Supplied records =>
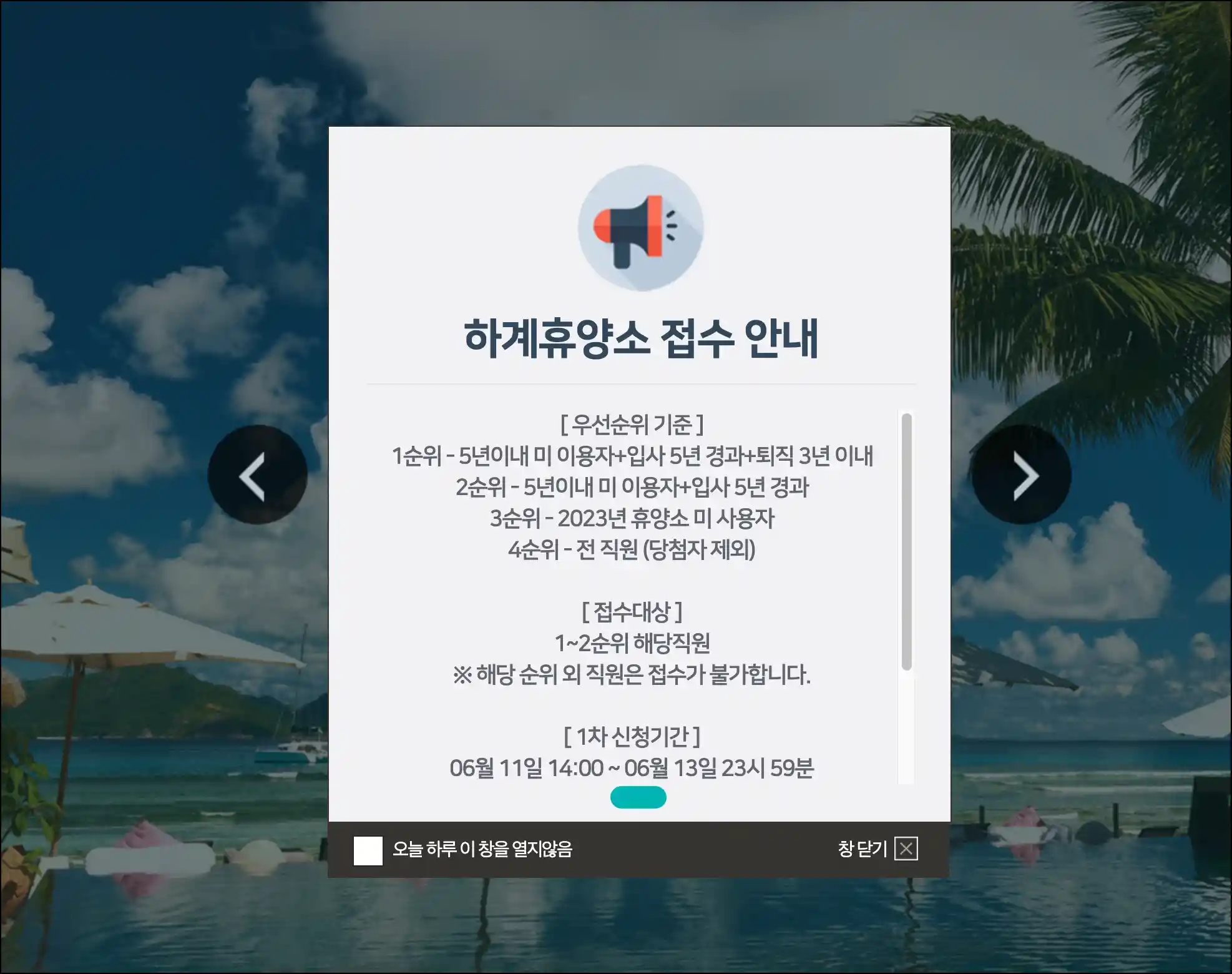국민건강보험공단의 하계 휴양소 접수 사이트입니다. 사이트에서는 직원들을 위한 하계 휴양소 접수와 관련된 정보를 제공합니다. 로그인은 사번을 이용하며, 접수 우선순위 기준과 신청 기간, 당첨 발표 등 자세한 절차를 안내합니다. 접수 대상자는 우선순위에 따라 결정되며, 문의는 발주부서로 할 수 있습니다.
...
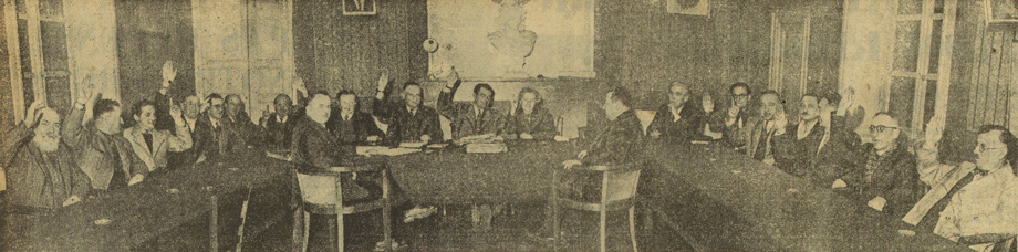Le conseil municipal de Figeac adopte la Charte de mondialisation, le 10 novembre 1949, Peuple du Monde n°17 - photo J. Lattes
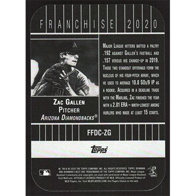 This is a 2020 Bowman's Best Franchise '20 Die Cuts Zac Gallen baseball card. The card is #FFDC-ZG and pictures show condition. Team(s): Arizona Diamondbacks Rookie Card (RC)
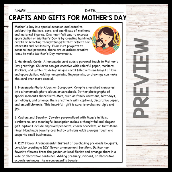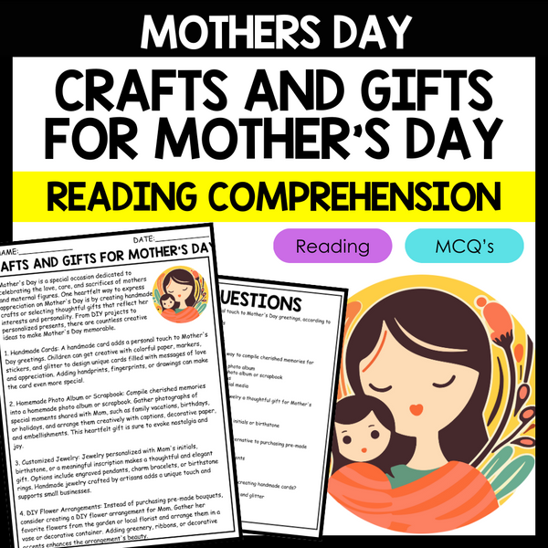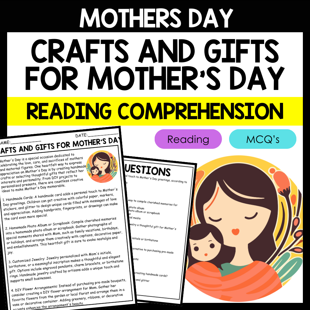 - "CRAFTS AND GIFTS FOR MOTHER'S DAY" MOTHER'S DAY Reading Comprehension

Description of the task => Only one stretch of the entries above is needed: the lines from the one containing "This is a 2020" through the one containing "DAY Reading Comprehension". Copy it exactly, without the pictures.

Answer to the problem =>
 This is a 2020 Bowman's Best Franchise '20 Die Cuts Zac Gallen baseball card. The card is #FFDC-ZG and pictures show condition. Team(s): Arizona Diamondbacks Rookie Card (RC)
 - "CRAFTS AND GIFTS FOR MOTHER'S DAY" MOTHER'S DAY Reading Comprehension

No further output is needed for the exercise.